-- Opening Marker --
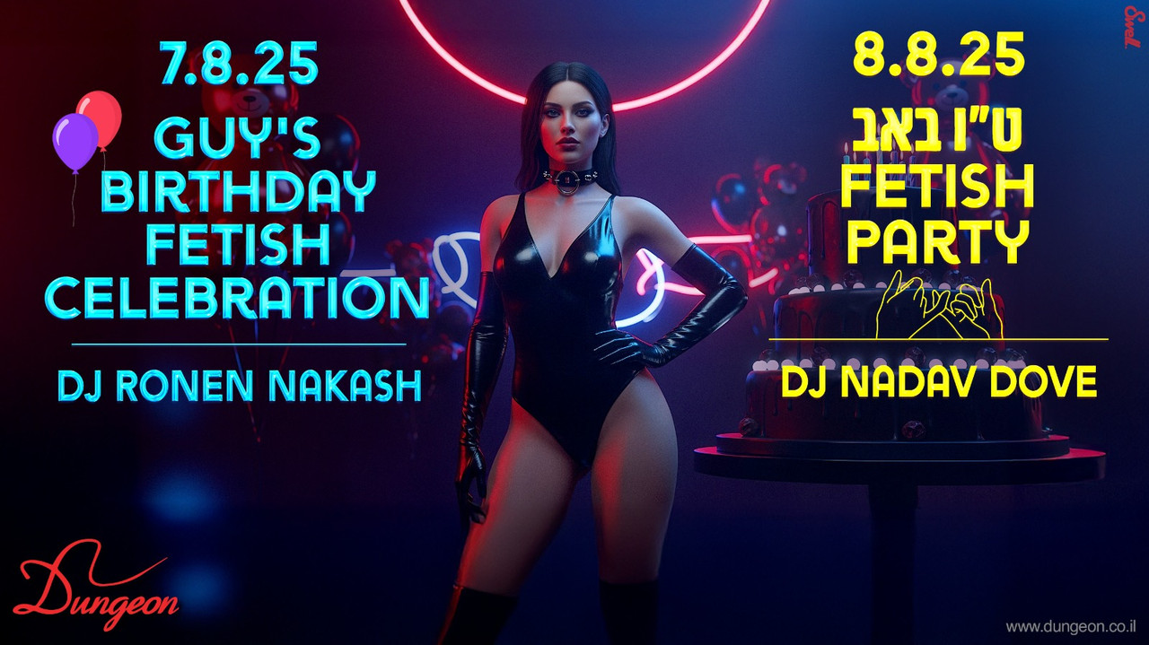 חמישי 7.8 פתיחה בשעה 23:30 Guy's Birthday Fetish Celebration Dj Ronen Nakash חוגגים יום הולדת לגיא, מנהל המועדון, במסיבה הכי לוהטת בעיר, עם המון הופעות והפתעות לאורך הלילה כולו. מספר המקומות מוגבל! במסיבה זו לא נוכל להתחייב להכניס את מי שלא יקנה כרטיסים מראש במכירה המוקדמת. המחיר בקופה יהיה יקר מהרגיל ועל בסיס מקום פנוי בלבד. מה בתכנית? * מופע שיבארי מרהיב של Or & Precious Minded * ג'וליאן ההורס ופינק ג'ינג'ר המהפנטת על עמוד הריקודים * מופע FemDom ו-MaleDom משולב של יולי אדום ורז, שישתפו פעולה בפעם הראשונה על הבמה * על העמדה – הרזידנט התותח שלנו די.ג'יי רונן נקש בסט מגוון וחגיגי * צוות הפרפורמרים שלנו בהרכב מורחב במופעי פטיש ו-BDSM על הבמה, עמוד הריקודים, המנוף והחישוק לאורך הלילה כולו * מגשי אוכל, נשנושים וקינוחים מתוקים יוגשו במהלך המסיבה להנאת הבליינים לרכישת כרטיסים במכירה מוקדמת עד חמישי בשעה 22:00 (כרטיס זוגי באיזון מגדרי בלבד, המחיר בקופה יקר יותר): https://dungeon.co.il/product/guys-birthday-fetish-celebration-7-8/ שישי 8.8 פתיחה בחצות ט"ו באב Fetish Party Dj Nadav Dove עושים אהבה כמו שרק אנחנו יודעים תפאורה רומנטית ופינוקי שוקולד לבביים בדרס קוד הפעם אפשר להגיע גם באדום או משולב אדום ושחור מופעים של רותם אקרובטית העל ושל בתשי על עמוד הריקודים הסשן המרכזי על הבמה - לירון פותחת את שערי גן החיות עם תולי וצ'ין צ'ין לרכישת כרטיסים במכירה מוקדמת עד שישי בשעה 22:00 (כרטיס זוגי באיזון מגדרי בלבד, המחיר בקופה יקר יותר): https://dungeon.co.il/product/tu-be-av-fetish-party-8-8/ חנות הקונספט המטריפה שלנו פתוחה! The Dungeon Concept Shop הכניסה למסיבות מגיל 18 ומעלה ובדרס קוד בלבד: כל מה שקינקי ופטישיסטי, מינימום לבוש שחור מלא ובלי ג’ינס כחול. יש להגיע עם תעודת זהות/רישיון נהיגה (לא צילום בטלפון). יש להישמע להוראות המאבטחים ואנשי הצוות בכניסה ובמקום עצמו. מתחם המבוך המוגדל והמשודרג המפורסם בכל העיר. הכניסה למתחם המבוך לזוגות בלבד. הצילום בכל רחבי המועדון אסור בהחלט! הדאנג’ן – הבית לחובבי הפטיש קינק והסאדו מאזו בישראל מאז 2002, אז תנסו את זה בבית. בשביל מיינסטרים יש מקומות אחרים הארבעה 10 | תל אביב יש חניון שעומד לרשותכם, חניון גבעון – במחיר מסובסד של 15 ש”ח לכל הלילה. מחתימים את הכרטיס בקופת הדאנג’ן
-- Closing Marker --
-- Opening Marker --
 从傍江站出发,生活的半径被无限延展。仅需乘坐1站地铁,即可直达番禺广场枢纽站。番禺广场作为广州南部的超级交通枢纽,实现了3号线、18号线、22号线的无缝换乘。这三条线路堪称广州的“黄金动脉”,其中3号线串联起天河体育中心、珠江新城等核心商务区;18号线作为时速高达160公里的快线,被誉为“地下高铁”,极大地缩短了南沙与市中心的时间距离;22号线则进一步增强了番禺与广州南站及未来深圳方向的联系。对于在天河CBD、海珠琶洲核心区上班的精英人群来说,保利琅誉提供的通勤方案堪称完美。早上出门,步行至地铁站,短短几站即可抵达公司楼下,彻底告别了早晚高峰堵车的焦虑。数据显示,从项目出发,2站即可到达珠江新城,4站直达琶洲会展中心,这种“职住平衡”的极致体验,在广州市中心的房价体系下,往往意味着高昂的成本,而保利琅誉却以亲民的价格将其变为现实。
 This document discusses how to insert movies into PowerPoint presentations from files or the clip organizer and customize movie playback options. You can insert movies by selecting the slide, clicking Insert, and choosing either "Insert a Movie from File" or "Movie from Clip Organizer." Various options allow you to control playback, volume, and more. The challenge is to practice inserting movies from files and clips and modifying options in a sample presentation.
-- Closing Marker --
Set down precisely the lines above between the line holding "从傍江站出发,生活的半径被无" and the line holding "This document discusses", inclusive, and nothing beyond them.

 从傍江站出发,生活的半径被无限延展。仅需乘坐1站地铁,即可直达番禺广场枢纽站。番禺广场作为广州南部的超级交通枢纽,实现了3号线、18号线、22号线的无缝换乘。这三条线路堪称广州的“黄金动脉”,其中3号线串联起天河体育中心、珠江新城等核心商务区;18号线作为时速高达160公里的快线,被誉为“地下高铁”,极大地缩短了南沙与市中心的时间距离;22号线则进一步增强了番禺与广州南站及未来深圳方向的联系。对于在天河CBD、海珠琶洲核心区上班的精英人群来说,保利琅誉提供的通勤方案堪称完美。早上出门,步行至地铁站,短短几站即可抵达公司楼下,彻底告别了早晚高峰堵车的焦虑。数据显示,从项目出发,2站即可到达珠江新城,4站直达琶洲会展中心,这种“职住平衡”的极致体验,在广州市中心的房价体系下,往往意味着高昂的成本,而保利琅誉却以亲民的价格将其变为现实。
 This document discusses how to insert movies into PowerPoint presentations from files or the clip organizer and customize movie playback options. You can insert movies by selecting the slide, clicking Insert, and choosing either "Insert a Movie from File" or "Movie from Clip Organizer." Various options allow you to control playback, volume, and more. The challenge is to practice inserting movies from files and clips and modifying options in a sample presentation.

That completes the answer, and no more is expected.